Architecture Billings Index Ends Year Positive

Demand for design services in December increased for the third month in a row, according to a report from The American Institute of Architects (AIA).

AIA’s Architecture Billings Index (ABI) score of 52.5 for December reflects an increase in design services provided by U.S. architecture firms (any score above 50 indicates
an increase in billings). The new project inquiries and design contracts scores were 58.7 and 53.4, respectively.

“Despite the ongoing slowdown in billings in the Northeast, balanced growth across sectors and regions looks more positive for the coming year,” says AIA chief economist, Kermit Baker. “Factors outside of the construction sector, such as trade policy and international events, could still impact demand for design services, however
recent fears about a downturn in construction activity have largely subsided.

Dodge Momentum Index Moves Higher in December

The Dodge Momentum Index increased 1.5% in December 2019 to 156.2 (the year 2000 = 100) from the revised November reading of 153.9. The Momentum Index, issued by Dodge Data & Analytics, is a monthly measure of the first (or initial) report for nonresidential building projects in planning, which have been shown to lead construction spending for nonresidential buildings by a full year. Both components of the Momentum Index rose over the month—the institutional component gained 2.3%, while the commercial component rose 0.9%.

For 2019, the Momentum Index averaged 141.9, a decline of 3.7% from 2018’s average. In 2019, the commercial component was 2.3% lower than the previous year, while the institutional component dropped 5.9%. Last year’s slip in the dollar value of projects entering planning suggests that construction spending for non-residential buildings could see a setback in the year to come.

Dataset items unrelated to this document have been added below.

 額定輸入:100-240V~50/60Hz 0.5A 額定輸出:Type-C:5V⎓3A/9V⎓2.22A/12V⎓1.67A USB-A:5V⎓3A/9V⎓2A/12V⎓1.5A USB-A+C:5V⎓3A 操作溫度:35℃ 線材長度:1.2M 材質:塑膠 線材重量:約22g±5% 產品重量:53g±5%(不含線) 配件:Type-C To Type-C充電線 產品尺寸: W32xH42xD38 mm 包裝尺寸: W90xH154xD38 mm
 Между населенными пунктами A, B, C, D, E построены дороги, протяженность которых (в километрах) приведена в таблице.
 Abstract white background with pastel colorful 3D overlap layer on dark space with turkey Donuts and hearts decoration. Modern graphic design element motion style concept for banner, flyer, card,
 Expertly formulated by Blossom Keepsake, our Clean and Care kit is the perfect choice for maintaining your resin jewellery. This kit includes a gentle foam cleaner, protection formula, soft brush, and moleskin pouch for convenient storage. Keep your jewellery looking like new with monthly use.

However, the Momentum Index did end the year on a high note indicating that a decline in 2020 construction is likely to be modest in nature.

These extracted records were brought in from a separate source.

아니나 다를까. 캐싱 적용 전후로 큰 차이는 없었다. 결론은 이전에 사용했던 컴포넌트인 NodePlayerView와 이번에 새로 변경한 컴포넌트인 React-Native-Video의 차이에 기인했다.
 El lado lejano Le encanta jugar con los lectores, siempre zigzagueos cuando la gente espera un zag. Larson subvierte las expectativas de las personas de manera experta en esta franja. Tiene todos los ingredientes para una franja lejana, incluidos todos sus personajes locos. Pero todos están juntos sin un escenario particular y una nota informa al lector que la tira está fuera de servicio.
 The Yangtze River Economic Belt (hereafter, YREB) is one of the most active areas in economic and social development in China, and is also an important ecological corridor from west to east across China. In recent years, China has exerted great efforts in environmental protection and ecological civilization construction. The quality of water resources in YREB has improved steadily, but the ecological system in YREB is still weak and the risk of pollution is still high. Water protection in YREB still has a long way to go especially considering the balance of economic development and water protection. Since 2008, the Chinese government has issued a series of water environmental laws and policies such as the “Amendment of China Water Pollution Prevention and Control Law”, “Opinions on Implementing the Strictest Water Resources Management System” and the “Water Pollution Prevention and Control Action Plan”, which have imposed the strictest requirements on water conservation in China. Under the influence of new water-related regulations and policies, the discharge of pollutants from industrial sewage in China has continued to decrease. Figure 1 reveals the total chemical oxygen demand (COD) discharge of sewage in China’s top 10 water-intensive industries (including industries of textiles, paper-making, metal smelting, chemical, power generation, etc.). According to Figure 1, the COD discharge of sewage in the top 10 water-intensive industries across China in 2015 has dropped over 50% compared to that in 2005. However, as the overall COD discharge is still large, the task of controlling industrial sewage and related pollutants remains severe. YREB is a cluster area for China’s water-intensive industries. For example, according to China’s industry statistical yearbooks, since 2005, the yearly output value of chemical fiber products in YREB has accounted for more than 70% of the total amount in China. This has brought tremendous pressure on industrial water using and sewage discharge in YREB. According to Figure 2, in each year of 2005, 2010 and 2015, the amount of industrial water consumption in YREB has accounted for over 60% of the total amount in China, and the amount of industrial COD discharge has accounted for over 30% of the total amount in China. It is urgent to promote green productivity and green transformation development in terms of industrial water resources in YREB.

Construction Starts Fall 21 Percent in December

Total construction starts in December 2019 dropped 21% from the previous month to a seasonally adjusted annual rate of $800.4 billion. The sharp decline was largely a response to hefty gains posted in November’s utility and manufacturing sectors. When removing the influence of these two volatile sectors, total construction starts only fell 3% in December. By major sector, nonresidential building starts fell 20% in December, while nonbuilding starts dropped 41% and residential starts lost 4% over the month.

For the full year, total construction starts were essentially flat when compared to 2018 at $817.6 billion. In 2019, nonbuilding starts gained 7% due to large gains in utility starts, while nonresidential starts fell 1% and residential starts declined 3%. Removing the massive 112% gain in utility starts from the total would result in total construction declining 3% from the previous year.

Nonresidential building dropped 20% from November to December 2019 to a seasonally adjusted annual rate of $289.5 billion. Institutional starts rose 6% over the month
fueled by gains in healthcare and recreation. Commercial starts rose 5% in December due to solid gains in warehouses and parking structures.

For the full year, nonresidential building starts fell 1%. Commercial building starts rose 6% last year due to gains in warehouses and offices, while institutional starts fell 5% with activity in all major categories seeing a pull back. Manufacturing starts fell 15% in 2019.